Students warned away from stock market

Updated: 2007-05-25 21:54

China's education watchdog expressed concern Friday at the increasing number of college students investing in stocks hoping to cash in the country's booming stock market.

Wang Xuming, spokesman with the Ministry of Education, said at a press conference that the ministry does not encourage college undergraduates to enter the stock market.

The students can hardly assume the risk as they have no fixed income and most of their capital comes from their parents, Wang added.

The education ministry has noticed college students' enthusiasm for the stock market in recent months, according to Wang.

Media reports said organizations relating to the stock market have been set up in some universities.

After four years in the doldrums, China's stock markets began to rebound at the beginning of 2006, with the benchmark Shanghai Composite Index nearly doubling in a year.

The number of new trading accounts opened by individuals in the Chinese mainland's two bourses reached five million in the first quarter of this year, compared with 3.08 million for the whole of last year.

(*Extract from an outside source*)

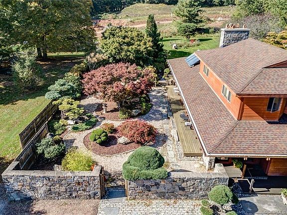 Bathed with natural light and designed to capture the outdoors, gardens and natural surroundings this home creates a relaxing peaceful retreat to call home. This home has many unique features: Solar features passive and active system with 12" of radiant concrete and Shoji Screens, Tranquil Japanese tea garden with waterfall and Koi Pond and yard contains unusual stones specifically placed to achieve balance. Masterbedroom bedroom on first floor with bamboo floors and large European style bathroom, Second level could be in-law or multi-generation use with kitchenette with slider to deck. Privately set back on 3.23 acres, 2 story barn on back of property for hobbyist.

China Securities Regulatory Commission (CSRC) has warned people about the risks of stock market investment in a notice issued earlier this month and has urged stock exchanges, securities dealers and related authorities to educate investors on the risks.

Chinese shares rebounded from Thursday's downturn, hitting a new high on Friday, with the benchmark Shanghai Composite Index, which tracks both yuan-denominated A shares and hard-currency B shares closing at 4,179.78 points, up 28.65 points from the previous close.